Miscellaneous material for your Monday reading.
- Gaby Hinsliff highlights the need for the UK (and the rest of the world) to cut ties with an entirely unerliable U.S., while John Crace discusses the futility of any action based on Keir Starmer's apparent assumption that Trump is sufficiently sentient to be calmed down and reasoned with. And Paul Krugman implores American businesses to end their Faustian bargains with the Trump regime.
- Kaamil Ahmed reports on Oxfam's latest research on the continued concentration of global wealth in the hands of a few billionaires - and how that's both a cause and effect of policy skewed to further enrich the wealthy. Harold Meyerson examines how the labour share of U.S. income is at an all-time low. And Julian Hinz et al. confirm (PDF) that the working class is bearing the brunt of Trump's tariffs out of its declining resources.

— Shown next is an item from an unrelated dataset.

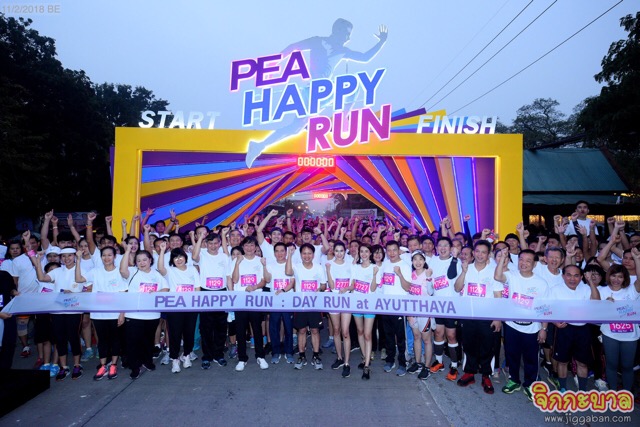 การวิ่ง PEA HAPPY RUN ที่จังหวัดพระนครศรีอยุธยา แม้จะเป็นการวิ่งยามเช้าตรู่ แต่เนื่องจากเป็นการวิ่งแบบ Fun Run ด้วยระยะทางเพียง 5.41 กิโลเมตรเท่านั้น ทำให้เหล่านักวิ่งที่มาเตรียมตัวกันตั้งแต่ฟ้ายังไม่สว่าง ต่างพาลูกหลานมาร่วมสร้างสุขภาพที่ดีร่วมกันและด้วยบรรยากาศของสถานที่จัดงานที่รายล้อมไปด้วยศิลปวัฒนธรรมอันทรงคุณค่าของไทยที่ได้รับการยกย่องให้เป็นมรดกโลก ประกอบกับสภาพดินฟ้าอากาศที่เป็นใจ ทำให้นักวิ่งทุกท่านฟิตร่างกายกันแบบไม่มีอิดโรยกันแม้แต่น้อย ก่อนปล่อยตัววิ่ง ได้รับเกียรติจาก นายเสริมสกุล คล้ายแก้ว ผู้ว่าการการไฟฟ้าส่วนภูมิภาค เป็นประธานเปิดกิจกรรมในครั้ง โดยมีตัวแทนศิลปินดารา ได้แก่ บอย – ปกรณ์ ฉัตรบริรักษ์ , หยาดทิพย์ ราชปาล , น้ำฝน – พัชรินทร์ ศรีวสุภิรมย์ และ รอน – ภัทรภณ โตอุ่น หรือ รอน AF ร่วมวิ่งสร้างสีสัน สร้างรอยยิ้มและความเป็นกันเองให้กับเหล่านักวิ่งและประชาชนโดยรอบที่มาคอยให้กำลังใจ ทำให้บรรยากาศโดยรวมเป็นไปอย่างคึกคัก และนอกจากจะร่วมวิ่งแล้ว เหล่าศิลปินดารายังอาสาแจกของรางวัลต่างๆให้กับ นักวิ่ง โดยไฮไลท์สุดพิเศษนอกจากของรางวัลใหญ่ที่ทางการไฟฟ้าส่วนภูมิภาคจัดเตรียมไว้ให้ได้ลุ้นกันแล้ว หนุ่มบอย ยังนำหมวกสุดรัก มาประมูลเพื่อสมทบทุนเงินบริจาคในครั้งนี้อีกด้วย โดยมีแฟนคลับใจบุญประมูลไปในราคาถึง 8,000 บาทเลยทีเดียว

- Lest anybody wrongly assume that Trump is the only North American leader looking to eliminate any consequences for corporate malfeasance (particularly for preferred donors and cronies), Sophie Elias-Pinsonnault and Silas Xuereb examine Mark Carney's plan to make the application of nearly all laws to corporations a matter of ministerial discretion.
- Finally, Charles Ferguson warns that artificial intelligence is on the verge of taking over media as we know it.